(Beginning of EXERCISE DATA)

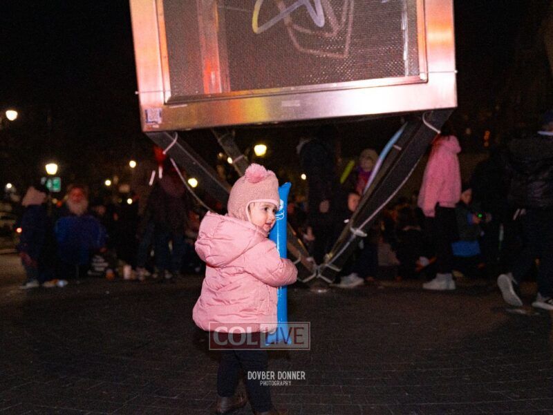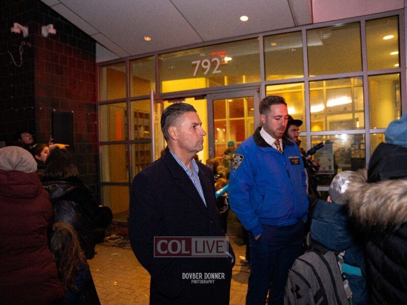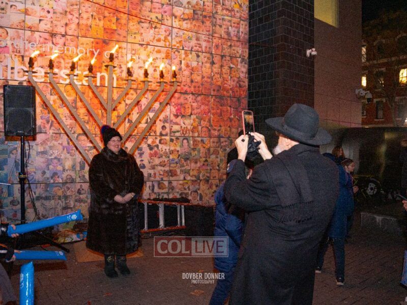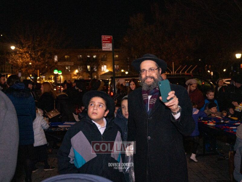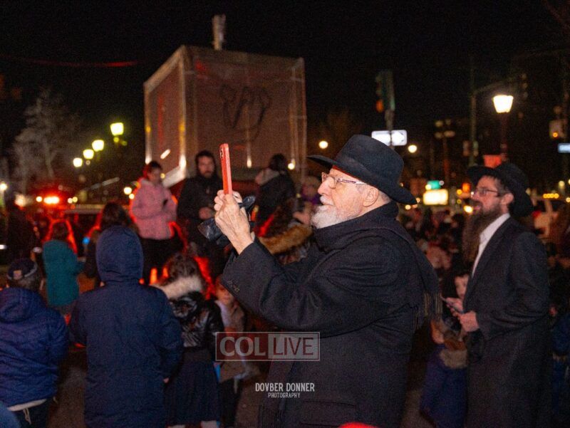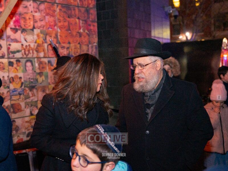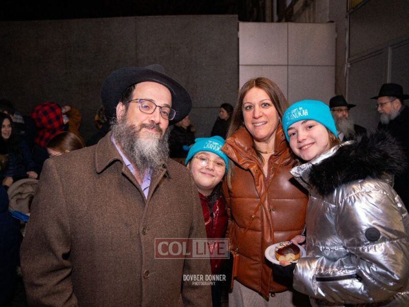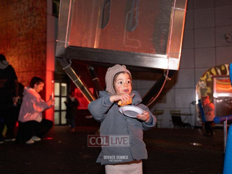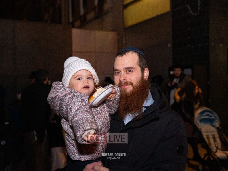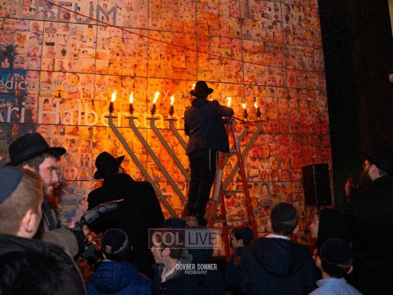 The celebration took place in front of the iconic Dreidel sculpture, the Jewish and Chanukah-related symbol that stands proudly on Eastern Parkway in front of the Museum, and which has become known as a Crown Heights landmark. This year the Dreidel was lit up with colored lights in commemoration of the holiday and was seen by tens of thousands of drivers and passersby on the main thoroughfare of Eastern Parkway.
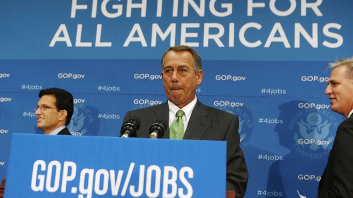 This was, of course, nonsense. There was never any evidence that too much uncertainty, rather than too little demand, was why the recovery was and continues to be stuck in stall speed. If anything, the evidence points the other way. As I've pointed out before, more uncertainty has actually been associated with more job growth since 2008, probably because stimulus shows up as "uncertainty." But say what you want about the merits of blaming uncertainty, at least it was an ethos. Here's how Boehner described it in a speech to the Economic Club of New York in May 2011:
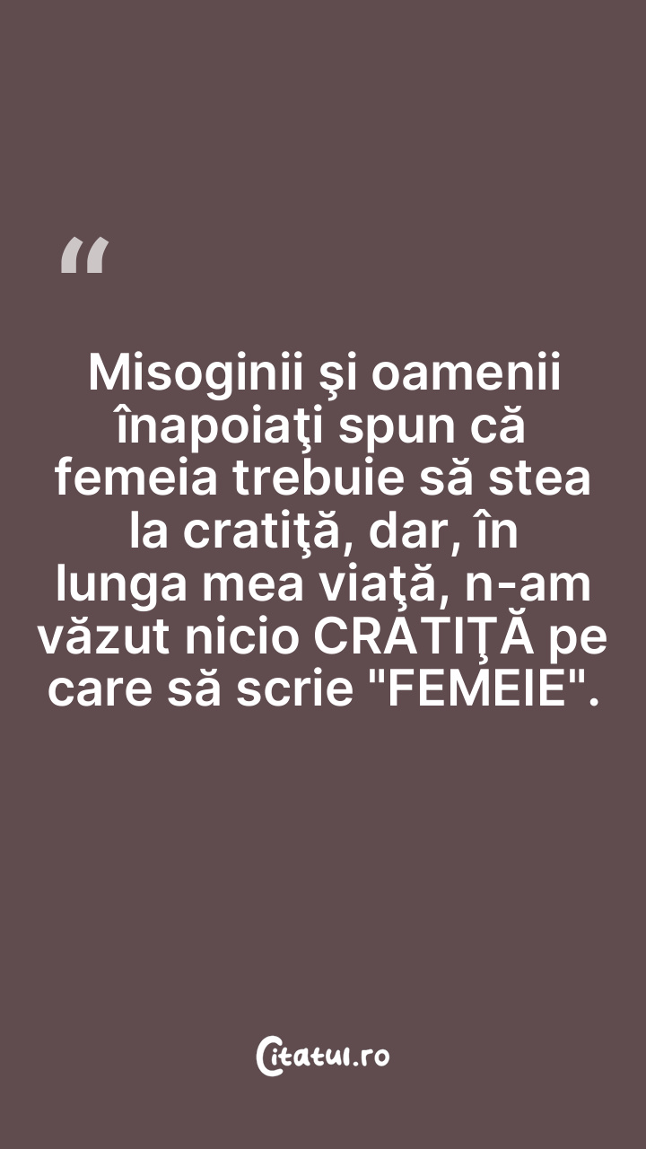 Misoginii şi oamenii înapoiaţi spun că femeia trebuie să stea la cratiţă, dar, în lunga mea viaţă, n-am văzut nicio CRATIŢĂ pe care să scrie "FEMEIE".
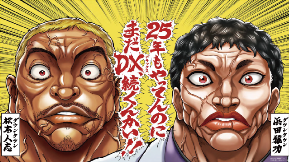 『刃牙』シリーズでおなじみの板垣恵介先生による監修、地獄のミサワ先生による独特な世界観のシュールなタッチでダウンタウンの二人を表現。
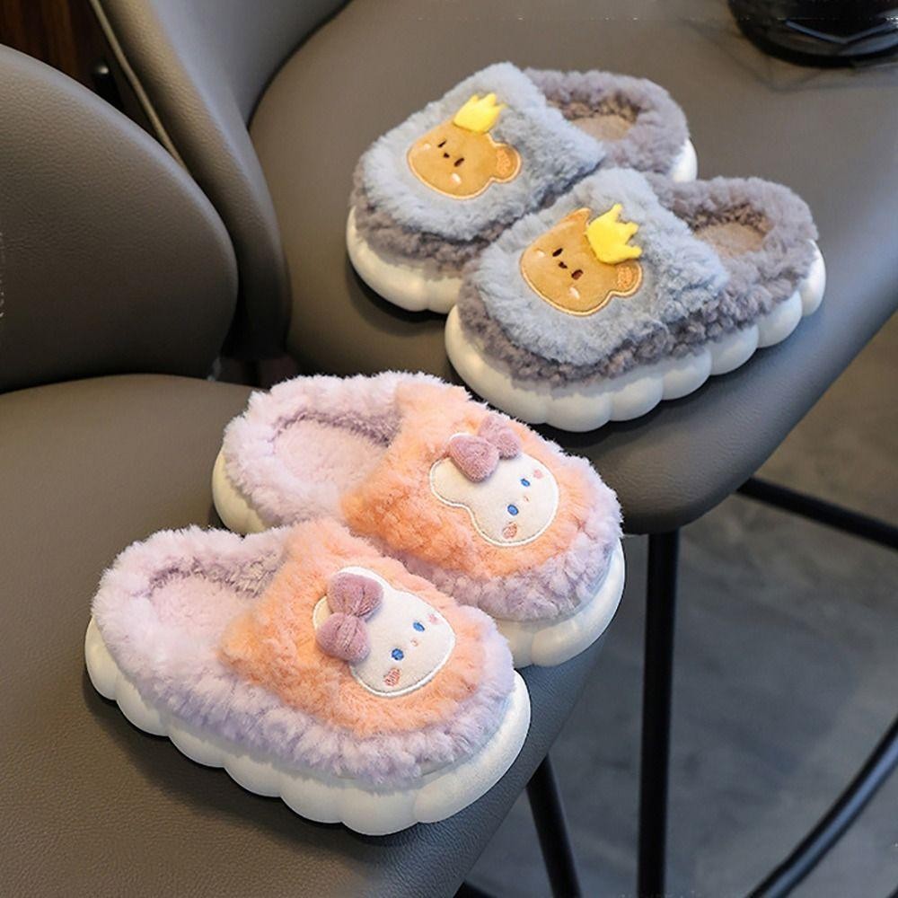ISTANU รองเท้าแตะผ้าฝ้ายสำหรับเด็ก ออกแบบการ์ตูนฟัวรี่ ลายตุ๊กตากระต่ายและหมี เหมาะสำหรับใช้ภายในบ้าน
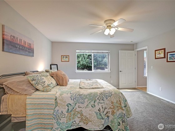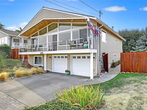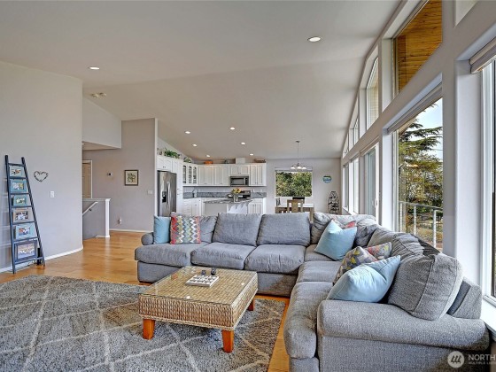 Welcome to your slice of Camano Island paradise. Enjoy laid-back island living in this light-filled Camano Country Club home w/ views of the Cascades & Port Susan Bay. Just a short stroll to a private beach, this home features vaulted ceilings, wall to wall windows, and an open layout that brings the outside in. The kitchen offers stainless steel appliances and hardwood floors, flowing into a bright living area with a cozy propane fireplace. Main floor includes a spacious primary suite, guest bedroom, & full bath. Downstairs: 3rd bedroom, office, full bath, and a flexible bonus room. New heat pump for year-round comfort, landscaped/fully fenced yard, paver driveway, and two-car garage. Enjoy access to 3 private beaches—no ferry required!
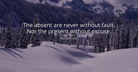 “The absent are never without fault. Nor the present without excuse” is Michael Caine at his most slyly British: a neat little social mechanism disguised as wisdom. It lands because it isn’t really about morality; it’s about power in a room. If you’re not there, you’re available for editing. Your motives can be guessed at, your tone invented, your mistakes inflated. Absence turns you into a character other people can rewrite to suit their needs.
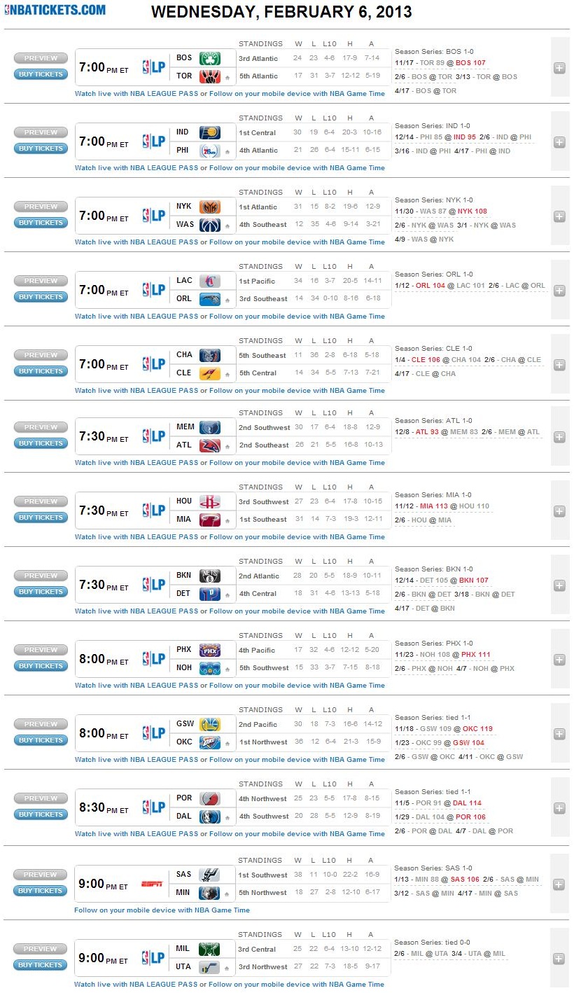 เข้าไปดูคะแนนได้ที่ http://www.nba.com/gameline http://www.nba.com/gameline/20130206/
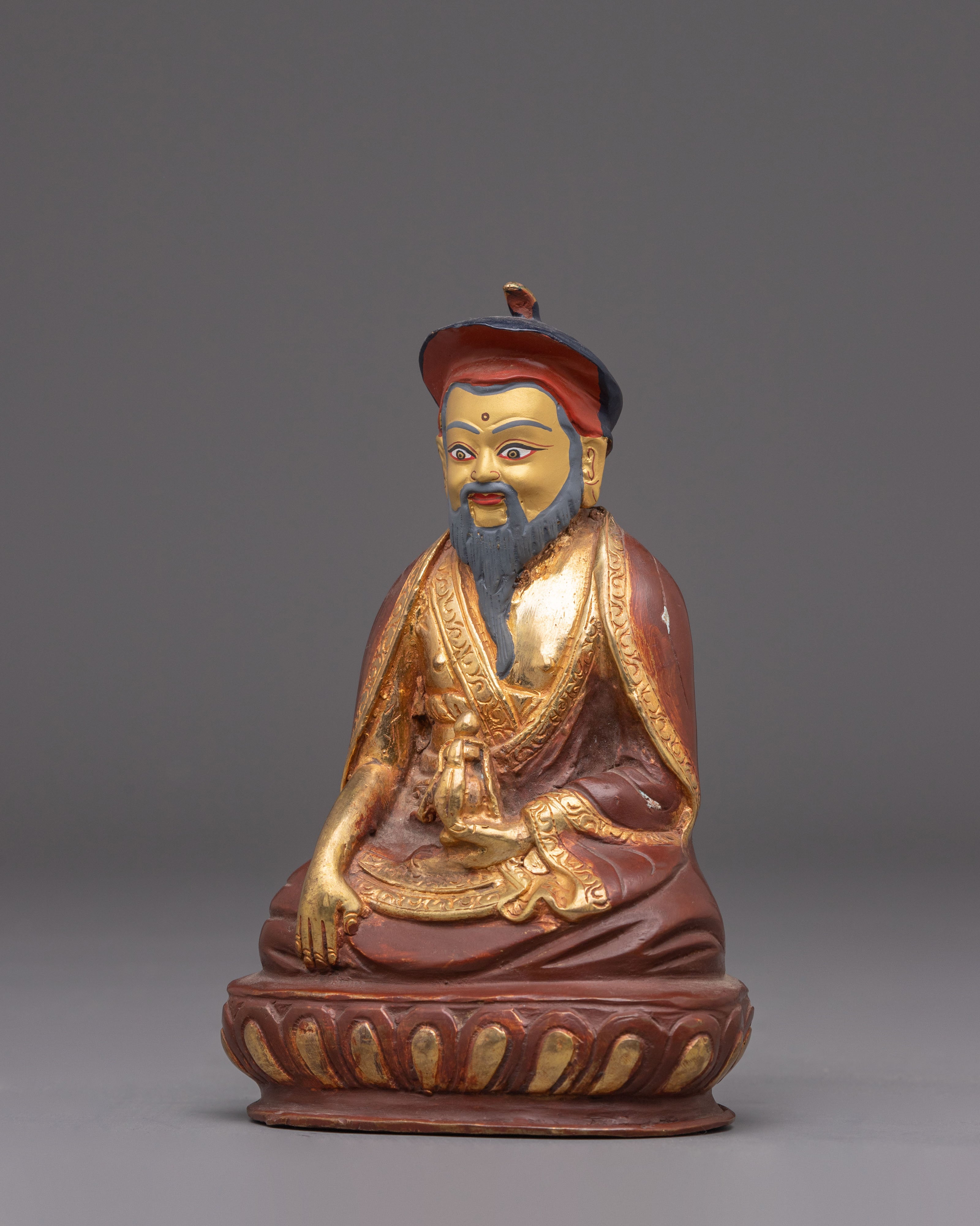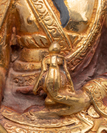 The gold-plated finish on the statue enhances its beauty, making it a perfect addition to any Buddhist altar, meditation space, or spiritual collection. The Guru Shapdum Statue serves as a powerful reminder of the qualities of compassion, wisdom, and insight that Guru Shapdum embodies. It is an essential spiritual tool for practitioners and collectors, invoking blessings, guidance, and spiritual protection for its owner.
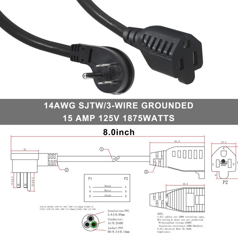 Specifications: Voltage: 110V-125V Max Power Rating: 15A, Max 1875W Toatl Length: 6 Inch Color: Black Cable: SJTW 14/3 Gauge Plug&Outlet: 3Prong Grounded Package list: 1 Pack Extension Cord
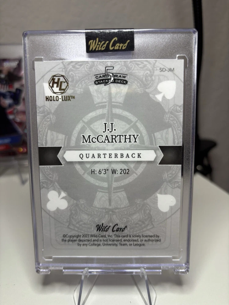 This is a rare and highly sought-after sports trading card featuring J J McCarthy, a talented player from the Michigan Wolverines and Minnesota Vikings teams. The card is from the 2023 Wild Card SP Promo set and has a print run of 1/1, making it a one-of-a-kind collector's item. In addition to its exclusivity, the card also boasts several impressive features, including being serial numbered, a short print, and a parallel/variety card. It's perfect for any football fan or sports trading card collector looking to add a unique and valuable piece to their collection. Don't miss out on this opportunity to own a piece of sports history!
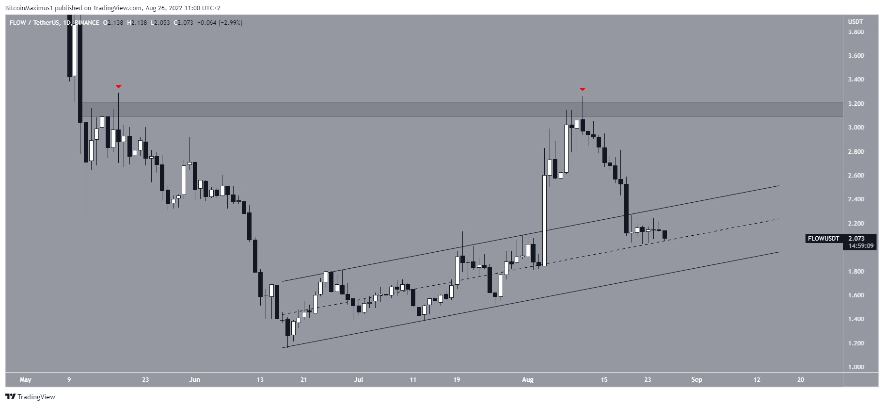 FLOW had been increasing inside an ascending parallel channel since June 18. On Aug 4, it broke out from the channel and proceeded to reach a high of $3.25. However, it was rejected by the $3.20 horizontal resistance area (red icon) and has been falling since.
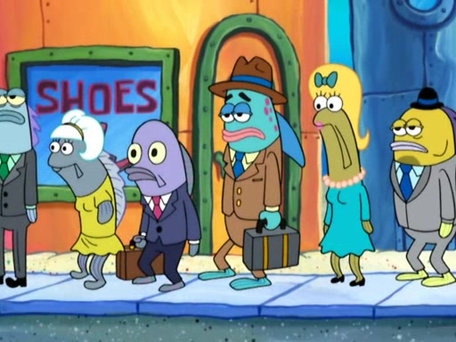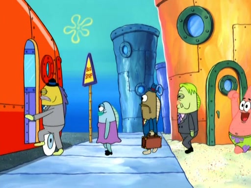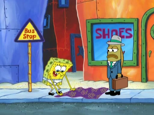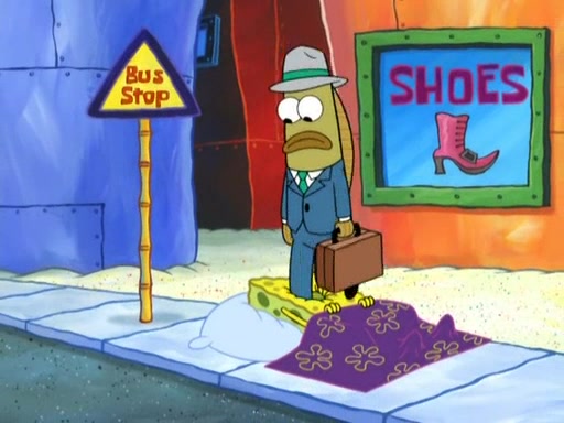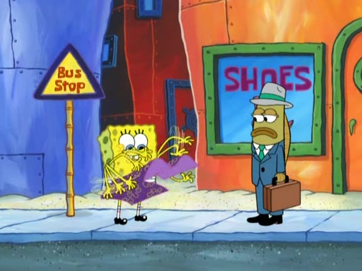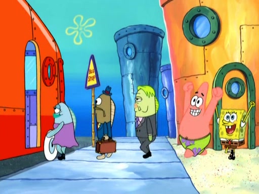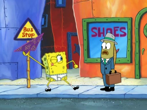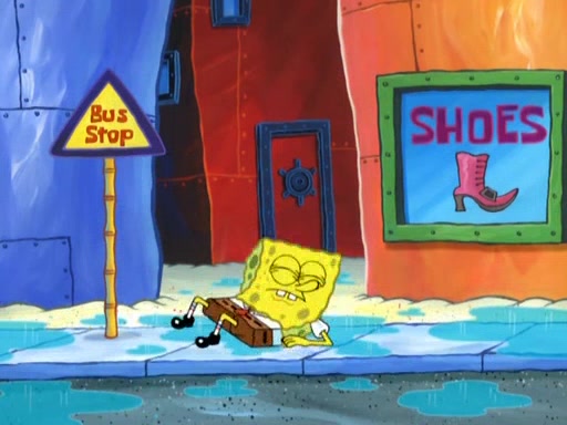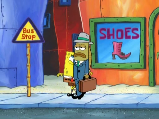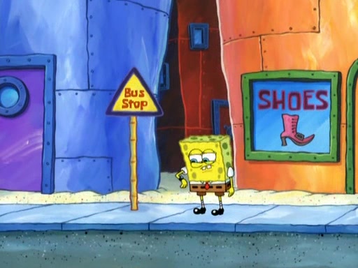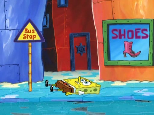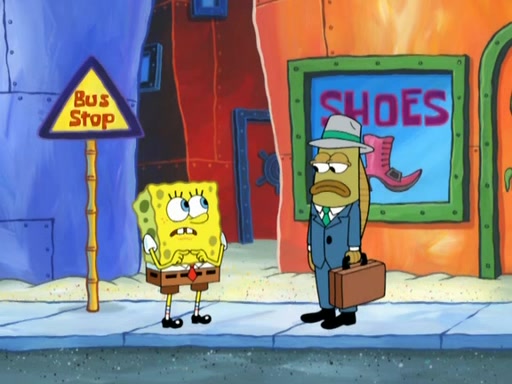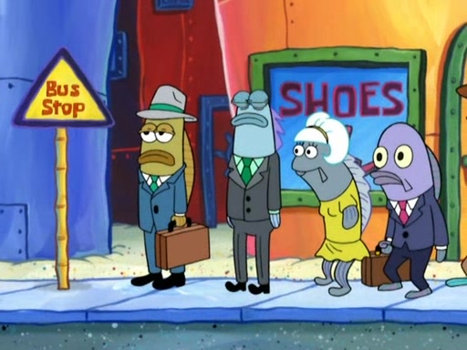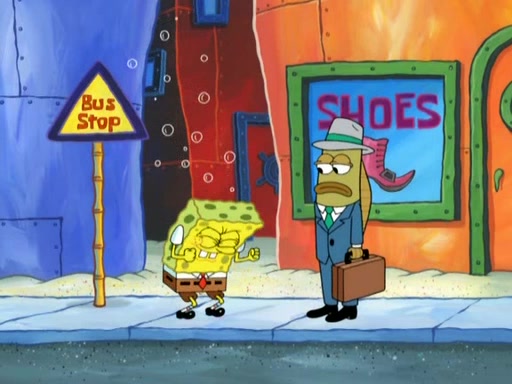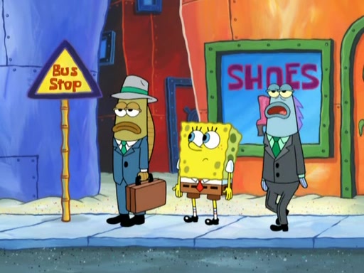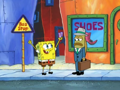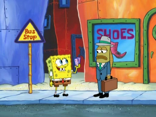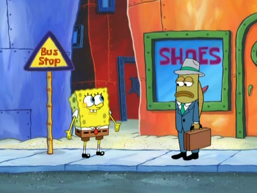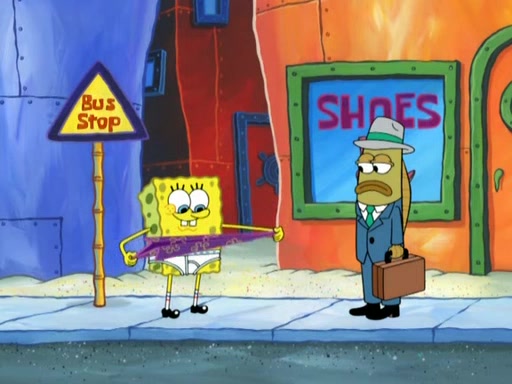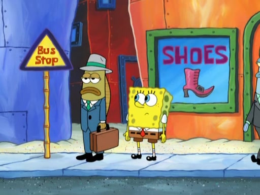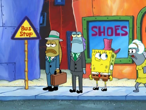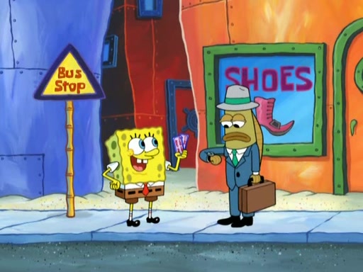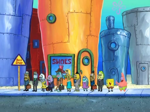 SpongeBob is waiting at the bus stop to go to Glove World. A fish walked on Spongebob' s face, not realizing he was there since he was sleeping on the ground. SpongeBob informs him of this and he steps off his face. SpongeBob tells him he spent the night, so he would be first in line as he promised Patrick that they would be first in line, and first to get on the bus. The man says "that's great stuff, say do you mind if I cut in front of ya?" SpongeBob tries to say no, but he ends up letting the fish cut him anyways, making him behind the other fish. Then a lot of fish come and cut in front of him. Patrick comes and asks SpongeBob why he is not first (like he promised). SpongeBob says he's sorry but they'll still be able to catch the first bus. Patrick, now no longer mad at SpongeBob for breaking his promise, becomes happy, and the bus comes, so they run to it.
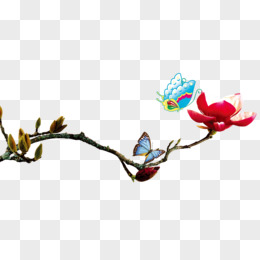 鲜花海报背景鲜花背景素材 卡通手绘花枝蝴蝶
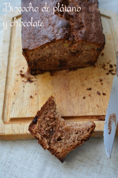 Hoy toca Bizcocho, además una Receta de Postre, muy sencilla y exquisita, el plátano junto a las pepitas de chocolate, le dan mucho juego a esta Receta, de la Repostería clásica.
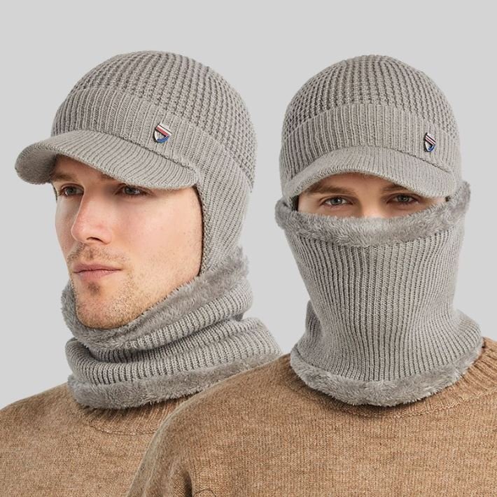 裏ボア ニット帽 ニットキャップ マフラー ネックウォーマ 耳あて メンズ レディース つば付き 帽子 7987619 チャコール 新品 1円 スタート

(End of EXERCISE DATA)

Output exactly, and only, the lines of the entries above from the one with "Misoginii şi oamenii" up to and including the one with "ISTANU รองเท้าแตะผ้าฝ้ายสำหรับเด็ก ออกแบบการ์ตูนฟัวรี่"; pictures are to be left out.

 Misoginii şi oamenii înapoiaţi spun că femeia trebuie să stea la cratiţă, dar, în lunga mea viaţă, n-am văzut nicio CRATIŢĂ pe care să scrie "FEMEIE".
 『刃牙』シリーズでおなじみの板垣恵介先生による監修、地獄のミサワ先生による独特な世界観のシュールなタッチでダウンタウンの二人を表現。
ISTANU รองเท้าแตะผ้าฝ้ายสำหรับเด็ก ออกแบบการ์ตูนฟัวรี่ ลายตุ๊กตากระต่ายและหมี เหมาะสำหรับใช้ภายในบ้าน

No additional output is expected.